Lo que debía ser una noche decisiva en el torneo continental terminó convertido en un escenario de incertidumbre y temor apenas minutos después del inicio.

Desde algunos sectores de la tribuna comenzaron a escucharse fuertes detonaciones acompañadas de humo, lo que obligó a detener inmediatamente el encuentro.

Mientras aumentaba la preocupación dentro del Atanasio Girardot, periodistas de ESPN reportaban en vivo que los estruendos seguían escuchándose también en los alrededores del escenario deportivo.

La situación terminó obligando a jugadores y cuerpos técnicos de ambos equipos a regresar rápidamente a los camerinos.

Flamengo pidió oficialmente quedarse con los puntos

Tras la suspensión, la postura de Flamengo fue inmediata y contundente. Desde la delegación brasileña consideran que el club local incumplió las garantías mínimas de seguridad exigidas por la competición.

José Boto, director deportivo del conjunto carioca, fue directo ante los medios:

«La responsabilidad no es nuestra, el equipo que jugaba en casa no ha podido garantizar la seguridad».

Más adelante, el dirigente reforzó aún más la posición del club brasileño:

«Esperamos ganar los tres puntos. El propio presidente de ellos (de Independiente Medellín) quería jugar a puerta cerrada, pero reconoció que no había seguridad ni dentro ni fuera del estadio».

Las declaraciones aumentaron inmediatamente la presión sobre Independiente Medellín y abrieron un fuerte debate en el entorno sudamericano.
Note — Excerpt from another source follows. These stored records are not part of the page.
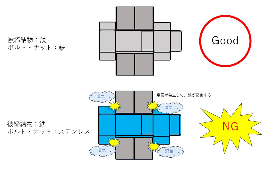 腐食の原因は上述したように異種金属のそれぞれが持つイオン化傾向の違いにあるので、同じ金属同士で使うとこの問題はなくなります。ですので、鉄のボルトには鉄のナット、ステンレスのボルトには、ステンレスのナットの組み合わせが基本になります。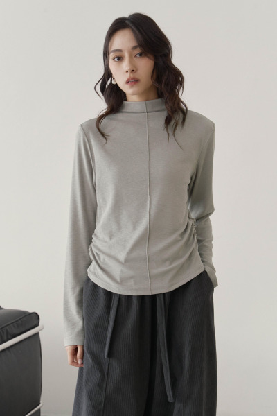 親膚舒適彈性面料 / 面料帶有紋理感 / 直中線造型 / 側身腰處抓摺設計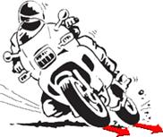 Figura 4.9: La asimetría de la carga sobre el neumático, y la retención que realiza el freno sobre la rueda, provocan un giro del manillar en el sentido del giro, lo que en realidad representa un contramanillar que levanta la moto de la tumbada. Cuando se acciona el freno trasero, la moto baja de atrás, la rueda se pega más al asfalto, y el tren anterior no sufre tanta sobrecarga. Esto, unido a la retención asimétrica que el freno ejerce sobre el neumático y a la geometría del chasis, facilita que la moto cierre más la trazada y, por consiguiente, se la pueda meter más en la curva. Pero una presión inapropiada sobre la palanca, también puede descompensar la adherencia del neumático trasero al asfalto y hacer que derrape.Por tanto y resumiendo, los efectos de ambos frenos, divergen en las curvas: 1. El freno delantero tiende a que la moto se levantey pierda trazada. Estas diferencias, hay que tenerlas en cuenta, según la circunstancia. RECOMENDACIONES PARA FRENAR ENTUMBADA 1. Realizar la frenada con mucho tacto y reducida almínimo imprescindible. 2. Emplear solo el freno trasero 3. Emplear los dos frenos manteniendo la tumbada. 4. Emplear con contundencia los frenos perdiendo Ensayar la frenada. Es importante que el motorista se haga una idea de la capacidad de la frenada de su moto. Una buena manera de saber esto es haciendo pruebas, con prudencia, en una recta de un sitio solitario. Se ponen unas marcas en el sitio de inicio de frenada y en donde se quiera parar la máquina. Luego se va probando a distintas velocidades, accionando los frenos de manera independiente y conjunta. Se va apurando cada vez más, para ver respuestas. Hay que procurar siempre, en estas pruebas, que la moto no pierda su verticalidad, ya que una derrapada con la moto tumbada es muy peligrosa. EL PASAJERO EN LA FRENADA. Cuando llevamos pasajero/a, notaremos todas las inercias de su masa corporal sobre la moto. Necesitaremos mas tiempo y mas potencia de frenada, por lo que debemos incluirlo en la programación de la maniobra.El pasajero debe de implicarse en el pilotaje y estar siempre atento a los eventos que suceden. Tanto en la frenada, como en la aceleración, debe de anticiparse en la corrección de esas inercias, para no echarse encima del piloto o descolgarse hacia atrás. La presión de los muslos sobre la moto o las caderas del conductor, junto con el agarre a su cintura, o el apoyo de sus manos sobre el depósito de gasolina (en caso de motos deportivas), le proporcionarán el punto de apoyo al tronco para los movimientos de compensación FRENAR EN EL PILOTAJE DEPORTIVO. Los mismos principios expuestos para la conducción por carretera, son válidos para el pilotaje de competición en un circuito, aunque con algunas diferencias radicales derivadas del desarrollo tecnológico, incluido la electrónica. Por un lado, la rueda trasera es esencial para la estabilidad de la tumbada y con el freno trasero es fácil cometer errores en las circunstancias extremas de la competición, sobre todo porque en el pie no se tiene la exquisita sensibilidad de la mano. Por otro, el freno delantero está hoy día desarrollado para cubrir las necesidades de la frenada2 y el quitar una variable insegura de la maniobra –freno trasero‐ beneficia la concentración en

La protesta apuntaba contra la dirigencia del DIM

Según la información conocida hasta ahora, los disturbios estarían relacionados con protestas de integrantes de la barra brava del equipo antioqueño contra los directivos del club.

La tensión escaló rápidamente y obligó a la intervención directa de las autoridades cerca de la zona donde se encontraba ubicada la hinchada organizada.

Con el paso de los minutos, las condiciones terminaron siendo consideradas inviables para continuar el partido.

Conmebol estudia sanciones severas

Ahora toda la atención se concentra en la decisión que tomará la Conmebol, organismo que deberá analizar los informes arbitrales, de seguridad y de delegados oficiales.

Entre las posibles consecuencias aparecen varios escenarios delicados:

En caso de que el ente sudamericano falle a favor de Flamengo, el conjunto brasileño recibiría los tres puntos y aseguraría anticipadamente su clasificación a los octavos de final de la Copa Libertadores 2026.

El escándalo en Medellín sigue creciendo y el impacto podría terminar siendo mucho más profundo de lo imaginado inicialmente, tanto para la imagen de Independiente Medellín como para su futuro inmediato en el torneo continental.